The ABC reports that the toys, called ‘Bobbie’, have become a real hit in China. They are not just teddy bears, but double as heat packs and can be used to treat pain and encourage sleep.
They are so popular that many fakes have been reproduced.
Chinese quarantine services discovered wheat contaminated with moths and weevils within one of the copied teddy bears and declared them a biosecurity threat.
As a result, all lavender teddy bears, including the genuine items from Tasmania have been banned.
"We found lots of serious epidemic problems," Yin Liping from the Shanghai Inspection and Quarantine Bureau said.
"It shocked us that those seeds haven't been processed at all.
"We ran the germination examination and 100 per cent of them are alive.

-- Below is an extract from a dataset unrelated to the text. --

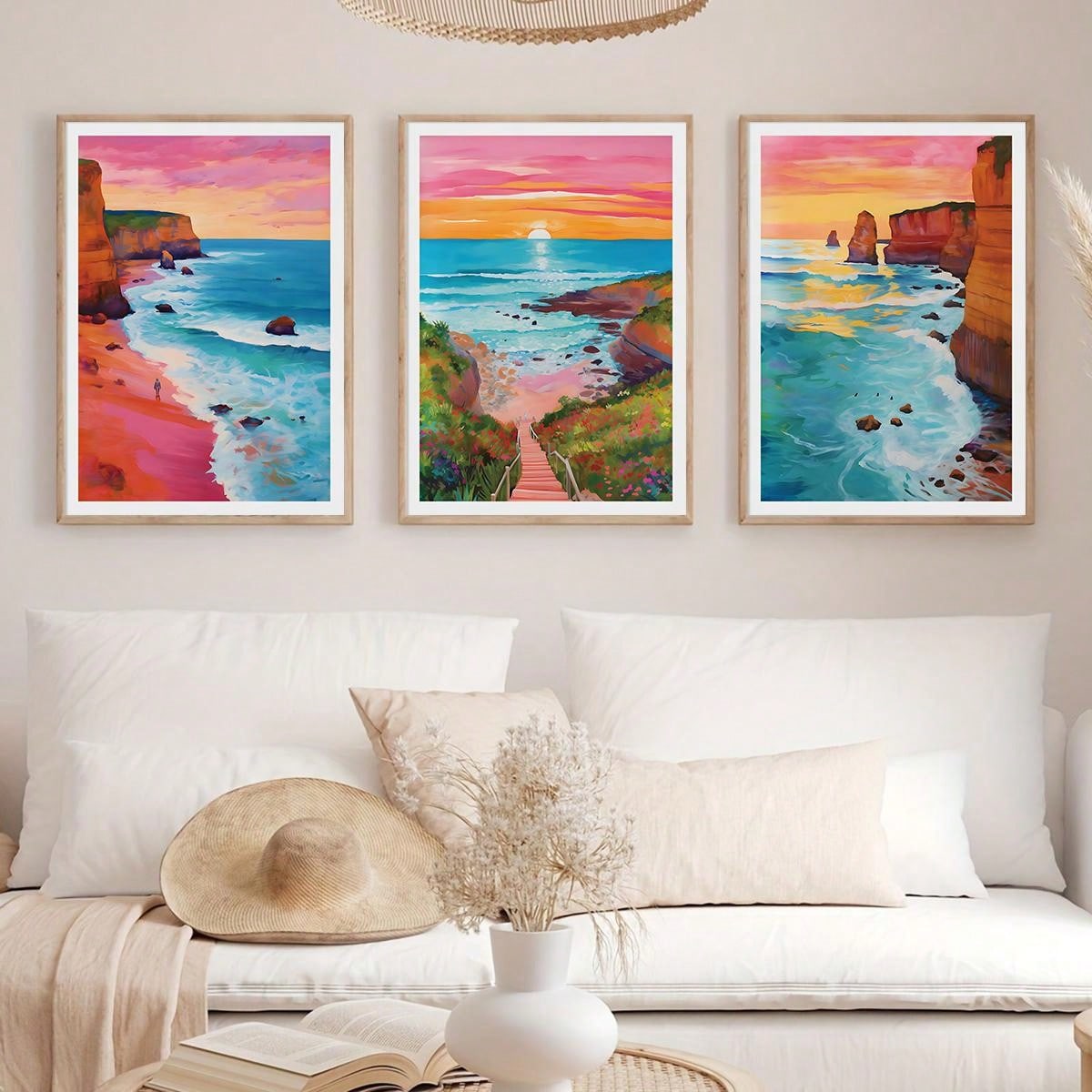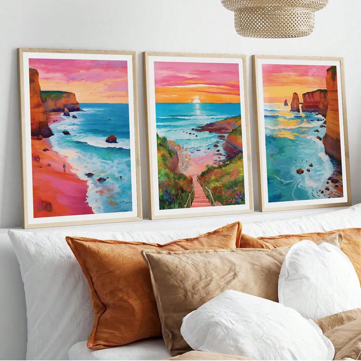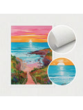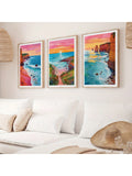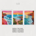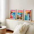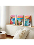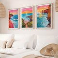 Horizon Sunrise Travel Scenery Art: 3 Piece Set of Colorful Ocean Illustrations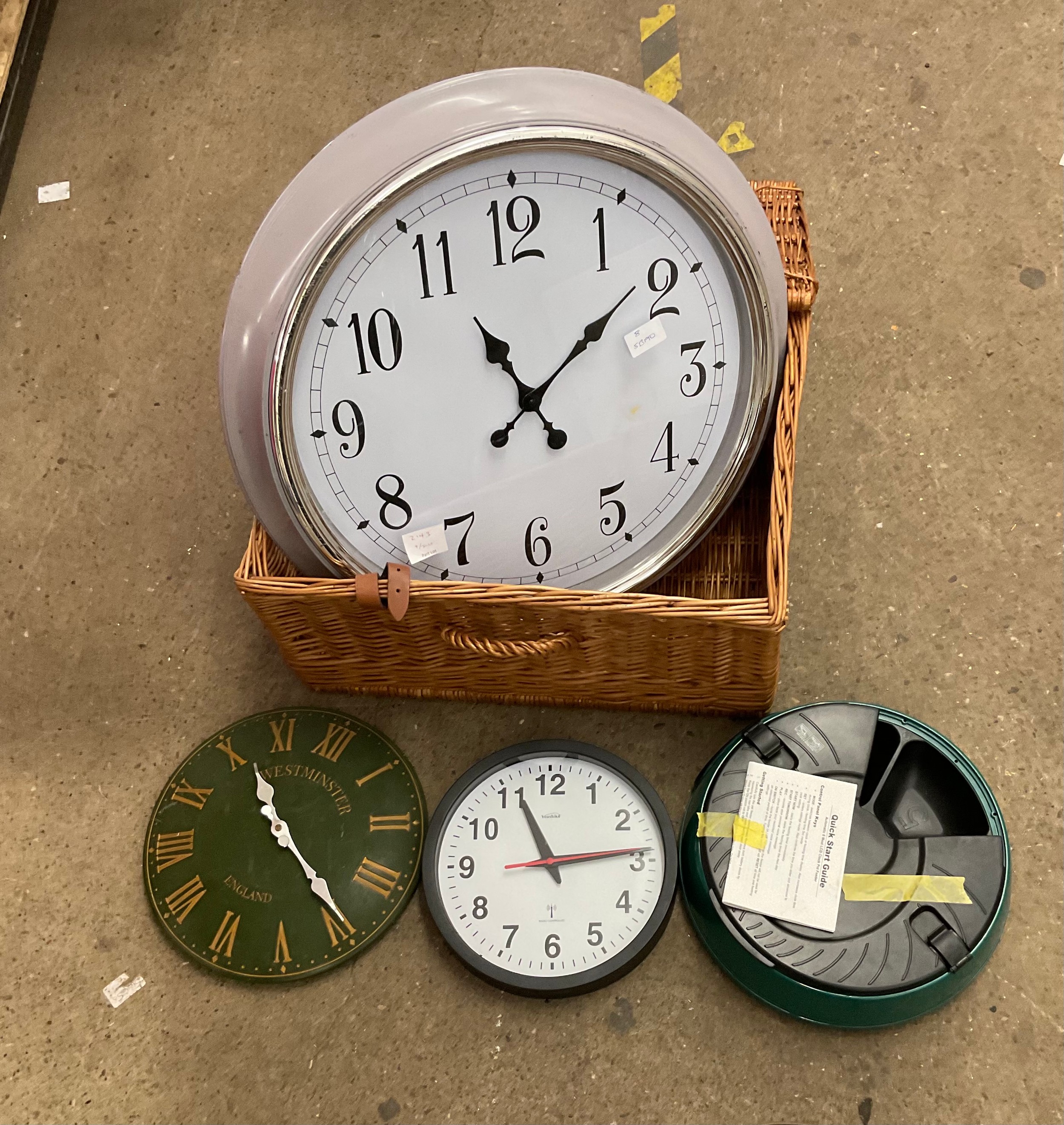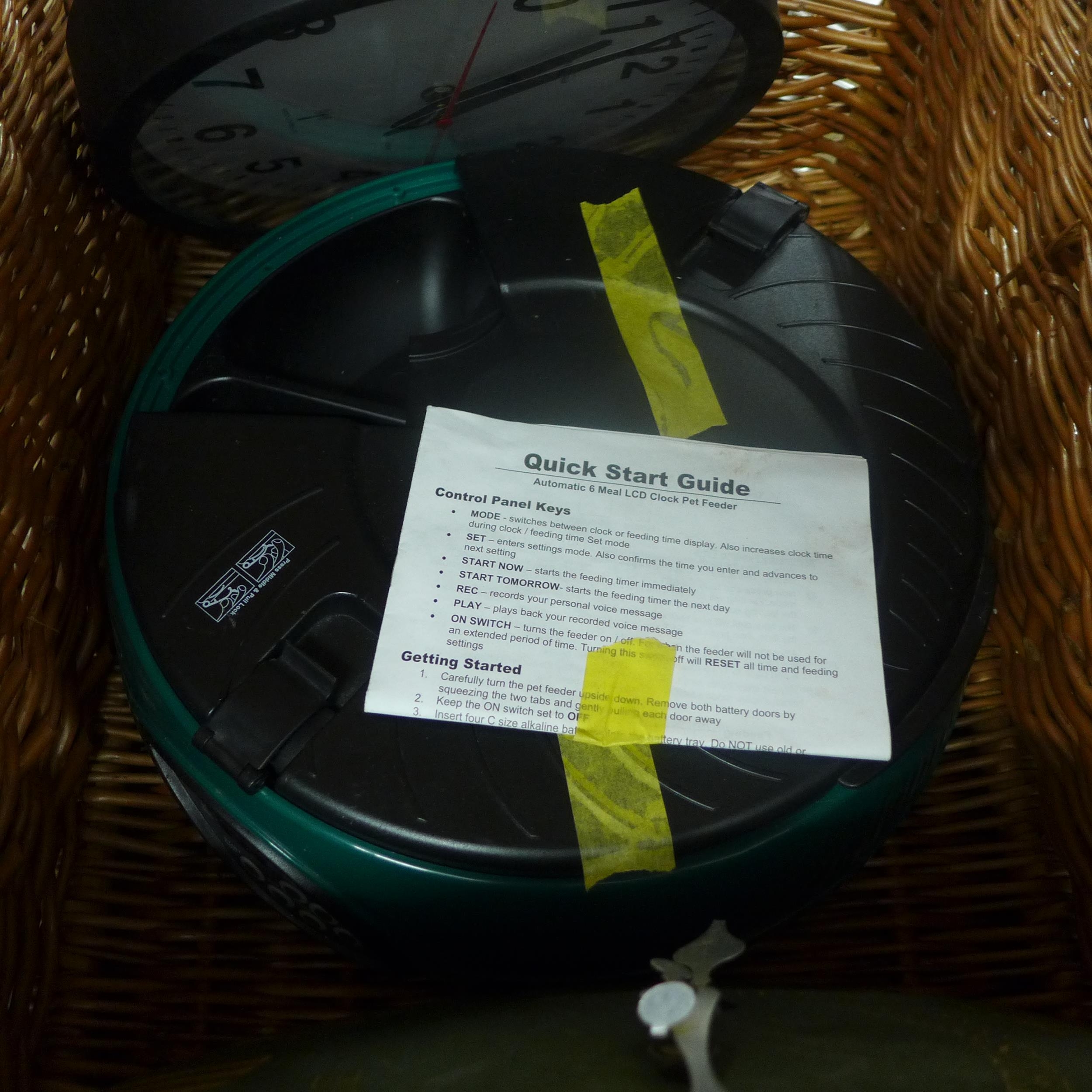 3 clocks, LCD clock timed cat feeder and picnic baskets

It brought risks to us."
However, according to Jan Davis from The Tasmanian Farmers and Graziers Association, the ban is an overreaction.
"The Chinese reaction should in our view be to focus on the source of the dodgy knock-offs, not blanketly say 'no more bears can come into China'," she told the ABC.
The success of the products in China surprised their maker, Robert Ravens. He told The Wall Street Journal, "We're not aiming to dominate the world of fluffy bears. Our business is fine lavender."
"But somehow we've tapped the cultural psyche of 30-year-old Chinese ladies."
They are sold in China for about 300 yuan ($52), and the price has increased five times in the last five years.